Vegetables & Fruit : Apples, Arugula, Beans, Beets, Broccoli, Cabbage, Endive, Fennel, Flower Bouquets, Flower Starts, Flowers – cut, Frisee, Garlic, Herbs, Leeks, Lettuce, Nursery Plants, Onions – bunching, Pears, Plums, Potatoes, Pumpkins, Radicchio, Rhubarb, Spinach, Vegetable Starts, Winter Squash, Zucchini
How to Purchase
Direct: Fridays, GGFMA’s Farmers’ Market, Mill Valley; Saturdays, CUESA’s Ferry Building Farmers’ Market, San Francisco; Sundays, Green Gulch Farm, 11:15am following public lecture (see www.sfzc.org for more information)

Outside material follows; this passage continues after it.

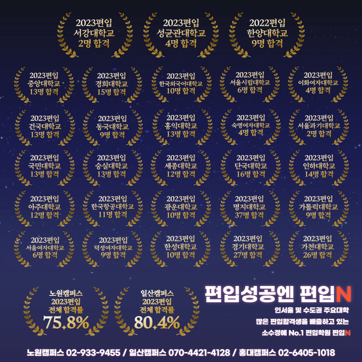 | 일산편입학원 편입N 자연계편입 합격률 96.4%! 공대편입 여기서 준비하세요! (0) | 2023.03.05 |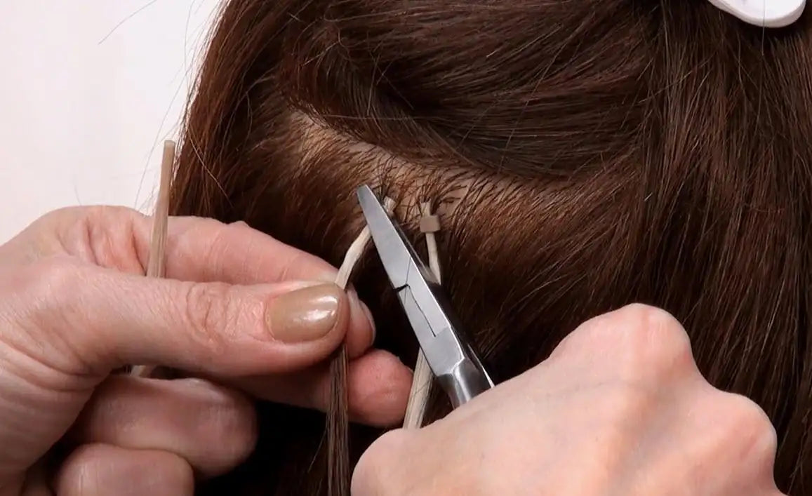 - I-Tip Extensions: These extensions are applied using a microbead. The natural hair is threaded through the bead along with the I tip extension, and then the bead is clamped down to secure the extension in place.

Restaurants and Retail Locations: Aziza, Boulette’s Larder, Greens, Rainbow Grocery, the Pelican Inn
Green Gulch Farm is a five-acre agricultural oasis located at the Green Dragon Temple in Muir Beach. Since all the farmhands are practicing Buddhists, a typical day here starts with the crew gathering at 5am to meditate. After breakfast and a short break, they’re off to the fields by 8:30 and soon thereafter, the rumbling purr of the tractor and the sweet smell of biodiesel fill the air. Depending on the season, between four and twelve people will be in the fields each day and one of them is sure to be Farm Manager Sarajane Synder. Farmed organically since 1972 and certified organic since 1985, this carefully-tended land produces an abundance of lettuces, potatoes, chard and green garlic. About half of what is grown here is sold at the San Francisco Ferry Plaza Farmers Market, and the other half is divided between Greens Restaurant in San Francisco, Rainbow Grocery, and the 50-100 meals they serve each day at Green Gulch. Eventually, all of the kitchen scraps from the practice center, plus much of those from Greens Restaurant, return to the farm and are made into compost, where they will be reborn as next year’s crop.